[[ EXCERPTED RECORDS open ]]
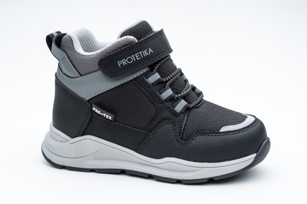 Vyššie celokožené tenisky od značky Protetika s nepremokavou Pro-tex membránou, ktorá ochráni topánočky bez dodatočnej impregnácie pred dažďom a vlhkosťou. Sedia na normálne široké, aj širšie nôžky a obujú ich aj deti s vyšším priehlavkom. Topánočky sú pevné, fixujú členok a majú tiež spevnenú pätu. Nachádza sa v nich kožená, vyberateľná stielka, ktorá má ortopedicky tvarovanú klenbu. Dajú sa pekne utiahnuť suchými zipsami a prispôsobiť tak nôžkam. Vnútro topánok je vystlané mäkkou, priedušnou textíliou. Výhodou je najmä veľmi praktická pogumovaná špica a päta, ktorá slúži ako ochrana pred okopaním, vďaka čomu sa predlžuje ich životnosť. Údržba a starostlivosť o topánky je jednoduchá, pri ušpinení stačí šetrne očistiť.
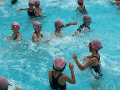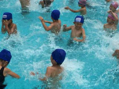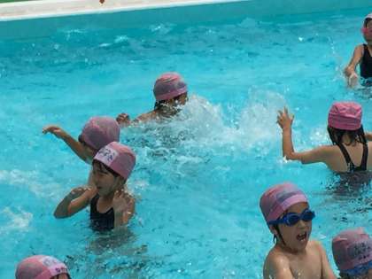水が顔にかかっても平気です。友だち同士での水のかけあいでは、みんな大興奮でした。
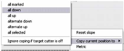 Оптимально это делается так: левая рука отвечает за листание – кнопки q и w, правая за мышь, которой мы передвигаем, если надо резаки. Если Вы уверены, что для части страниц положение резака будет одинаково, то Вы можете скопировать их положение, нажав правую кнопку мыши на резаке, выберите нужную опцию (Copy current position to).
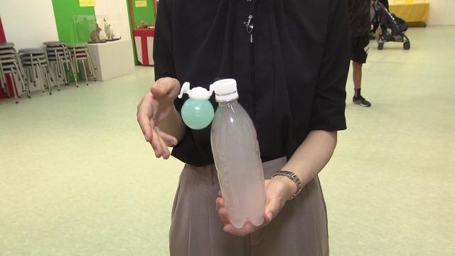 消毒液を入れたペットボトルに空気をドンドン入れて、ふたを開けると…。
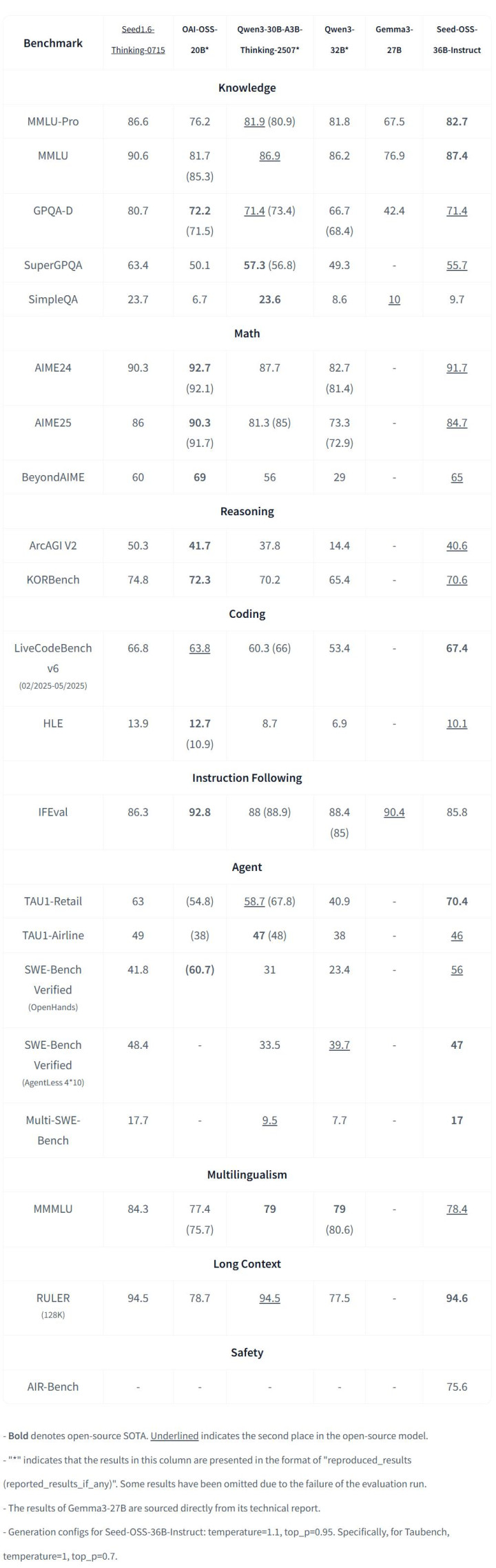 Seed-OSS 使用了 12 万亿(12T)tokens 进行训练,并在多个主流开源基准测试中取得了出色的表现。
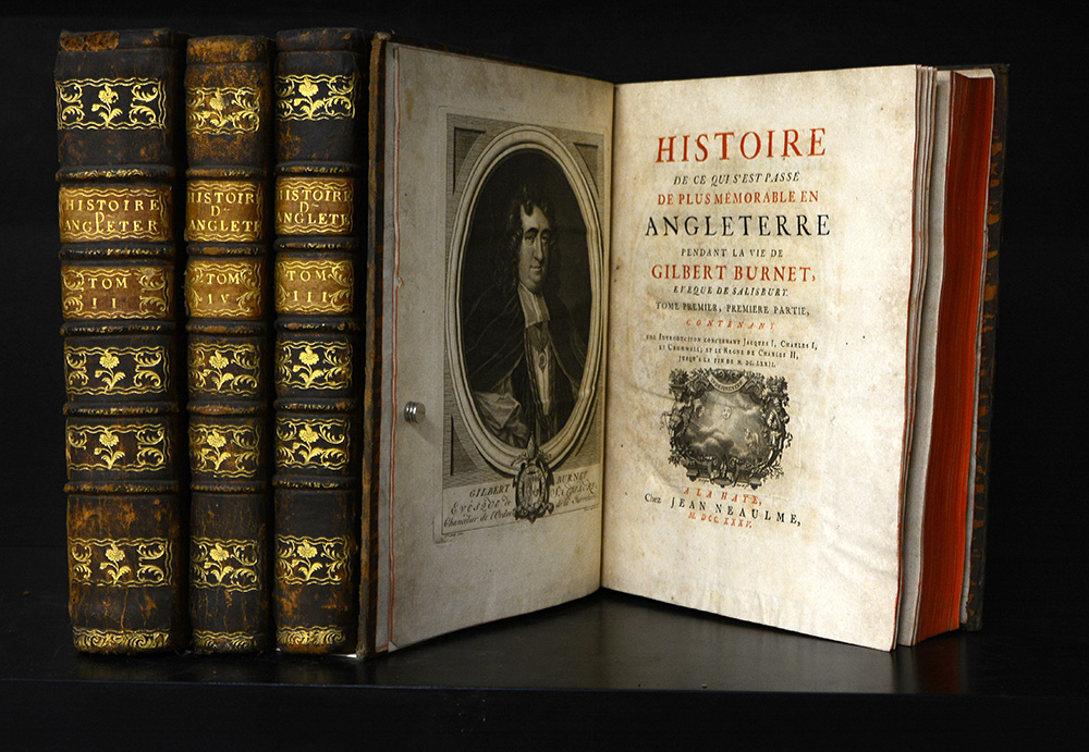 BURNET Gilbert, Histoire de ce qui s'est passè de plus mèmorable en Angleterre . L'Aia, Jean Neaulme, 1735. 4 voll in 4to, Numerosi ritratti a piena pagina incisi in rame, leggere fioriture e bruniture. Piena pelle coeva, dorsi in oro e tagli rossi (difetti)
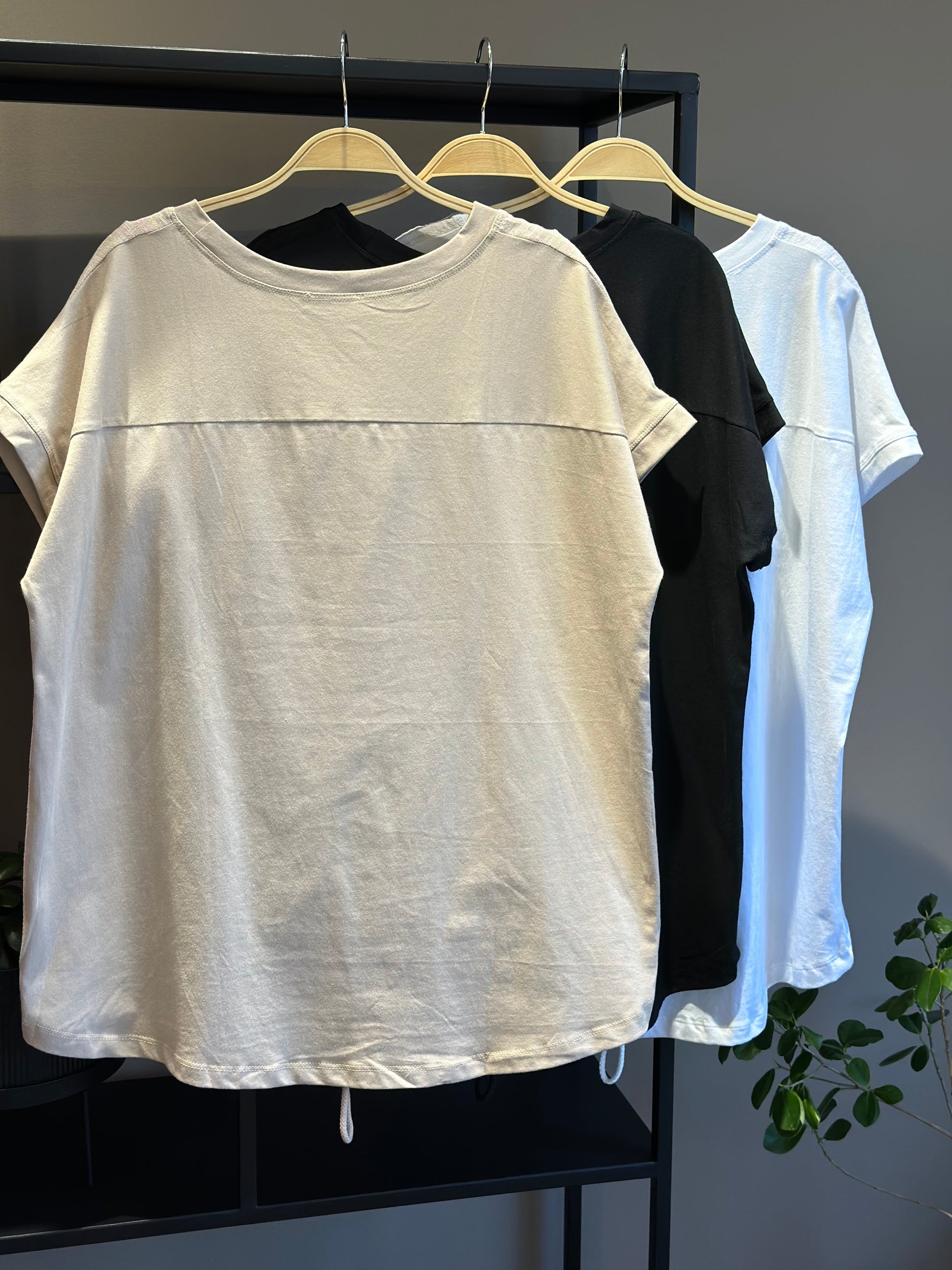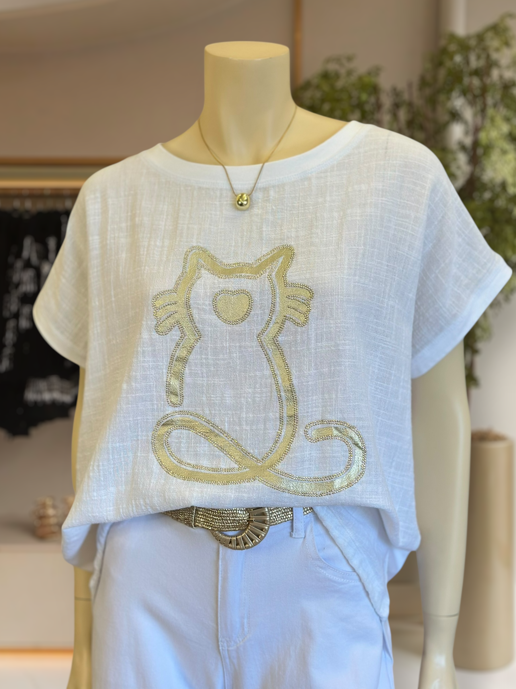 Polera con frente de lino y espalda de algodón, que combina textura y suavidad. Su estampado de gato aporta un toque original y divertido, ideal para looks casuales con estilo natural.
[[ EXCERPTED RECORDS closed ]]
[[ EXCERPTED RECORDS open ]]
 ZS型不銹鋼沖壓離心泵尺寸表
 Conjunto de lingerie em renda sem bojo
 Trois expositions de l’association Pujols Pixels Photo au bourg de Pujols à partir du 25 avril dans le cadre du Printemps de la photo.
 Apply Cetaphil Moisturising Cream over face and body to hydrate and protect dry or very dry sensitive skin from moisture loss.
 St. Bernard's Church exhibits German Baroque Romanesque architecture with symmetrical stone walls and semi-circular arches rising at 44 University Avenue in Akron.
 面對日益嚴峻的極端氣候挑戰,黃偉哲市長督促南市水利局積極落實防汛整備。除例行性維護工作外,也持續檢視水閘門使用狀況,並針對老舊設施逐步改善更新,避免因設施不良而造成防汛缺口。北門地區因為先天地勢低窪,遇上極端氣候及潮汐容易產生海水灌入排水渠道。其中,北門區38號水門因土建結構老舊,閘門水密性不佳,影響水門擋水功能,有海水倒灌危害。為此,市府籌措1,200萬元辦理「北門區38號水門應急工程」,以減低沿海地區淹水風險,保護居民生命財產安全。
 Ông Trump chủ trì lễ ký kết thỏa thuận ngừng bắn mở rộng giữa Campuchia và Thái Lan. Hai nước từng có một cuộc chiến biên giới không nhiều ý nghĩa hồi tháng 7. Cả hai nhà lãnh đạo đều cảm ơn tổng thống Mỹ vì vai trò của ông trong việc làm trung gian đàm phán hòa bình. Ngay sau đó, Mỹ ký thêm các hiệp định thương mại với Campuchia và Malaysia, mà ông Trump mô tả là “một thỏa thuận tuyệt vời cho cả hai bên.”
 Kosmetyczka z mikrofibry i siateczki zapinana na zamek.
[[ EXCERPTED RECORDS closed ]]
[[ EXCERPTED RECORDS open ]]
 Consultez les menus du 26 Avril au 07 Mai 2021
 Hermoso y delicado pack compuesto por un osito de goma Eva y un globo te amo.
[[ EXCERPTED RECORDS closed ]]
[TASK DETAILS]: In the listing above, find the line with "Conjunto de lingerie em renda sem bojo" and the line with "Apply Cetaphil Moisturising"; set down exactly those two lines and every line between them, nothing more.

[ANSWER]:
 Conjunto de lingerie em renda sem bojo
 Trois expositions de l’association Pujols Pixels Photo au bourg de Pujols à partir du 25 avril dans le cadre du Printemps de la photo.
 Apply Cetaphil Moisturising Cream over face and body to hydrate and protect dry or very dry sensitive skin from moisture loss.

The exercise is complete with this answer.